Also memorable are the opening of the Jeju 4·3 Trauma Center, the performance of the creative opera “Sun’I Samch’on”, the camellia planting campaign, the supply of 800,000 camellia badges, and the 4·3 training project for 10,000 teachers nationwide over the past 10 years, staged with the Office of Education. I tried to communicate actively with the prosecution, police, and military agencies, going beyond the limits of 4·3-related groups and institutes.

Last year, you took the lead in revising the Jeju 4·3 Special Act, which includes clauses for state compensation for victims and special retrials for prisoners. What is the significance of the revision, and any impressive figures you particularly remember?

It is significant in that the general revision of the act resulted from the efforts to solve the problem of unlawful imprisonments and eventually adopted a national compensation plan. In particular, it is highly appreciated that the statutory state compensation is the first achievement in Korea in terms of civilian casualties that happened before and after the Korean War. It is also significant that a fixed-rate system has been introduced for the compensation and those who have been recognized as victims under the Jeju 4·3 Special Act are subject to compensation.
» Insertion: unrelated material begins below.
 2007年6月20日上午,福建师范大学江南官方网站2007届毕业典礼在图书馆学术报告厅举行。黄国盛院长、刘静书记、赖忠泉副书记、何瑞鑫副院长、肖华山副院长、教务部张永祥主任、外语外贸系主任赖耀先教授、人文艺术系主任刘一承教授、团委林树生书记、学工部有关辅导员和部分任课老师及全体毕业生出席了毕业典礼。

Until the last minute of revising the bill, the biggest challenge was for adding special clauses on the retrial of wrongfully accused victims and the compensation for the deceased and the injured. The then Justice Minister Choo Mi-ae solved the retrial, while the then Democratic Party leader Lee Nak-yeon opened the door to the agreement by the Ministry of Strategy and Finance, which seemed impregnable. In the process of passing the bill at the National Assembly, none of the opposition party members opposed, which was thanks to Rep. Lee Myung-soo from the People Power Party. The fixed-rate system and the increase in the amount of compensation to 90 million won were supported by Yonsei University professor Park Myung-rim, who advised the research team for the enactment, and Minister of Public Administration and Security Jeon Hae-chul. Rep. We also need to remember Jeju-based National Assembly members, including Oh Young-hoon, the chief author of the proposed bill, as well as the leadership of the Association of the Bereaved Families of Jeju 4·3 Victims, including former chairman Oh Im-jong, who agreed to the proposal from a broader perspective.

Lastly, what is your position on the value and nature of Jeju 4·3?
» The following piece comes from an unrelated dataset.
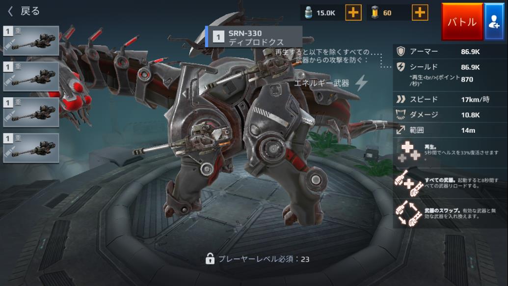 | 86900 | 86900(870) | 17 | 重4 | 再生 すべての武器 武器のスワップ | 20 15 10 | 10800 | 14 | 23 | 14000 10900 | メカ |
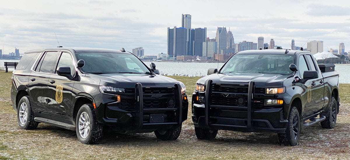Two patrol trucks with Detroit skyline About

I would like to emphasize that Jeju 4·3 is a world-historical event, rooted in the division of the Korean Peninsula and the Cold War between East and West. Recently, I summarized and announced the value of Jeju 4·3 in six points: 1) Autonomy and self-orientation, 2) justice, 3) unification, 4) peace and human rights, 5) reconciliation and mutual prosperity, and 6) healing and integration.

For those who ask about the nature of Jeju 4·3, I answer that it was a struggle against unfair oppression and a unification movement that aimed at the unification of South and North Korea. Now that we reached the point of managing the issue of national compensation and retrial, I think it can be a global model for resolving past wrongdoings by the government. I hope we can solve the remaining tasks step by step under this goal.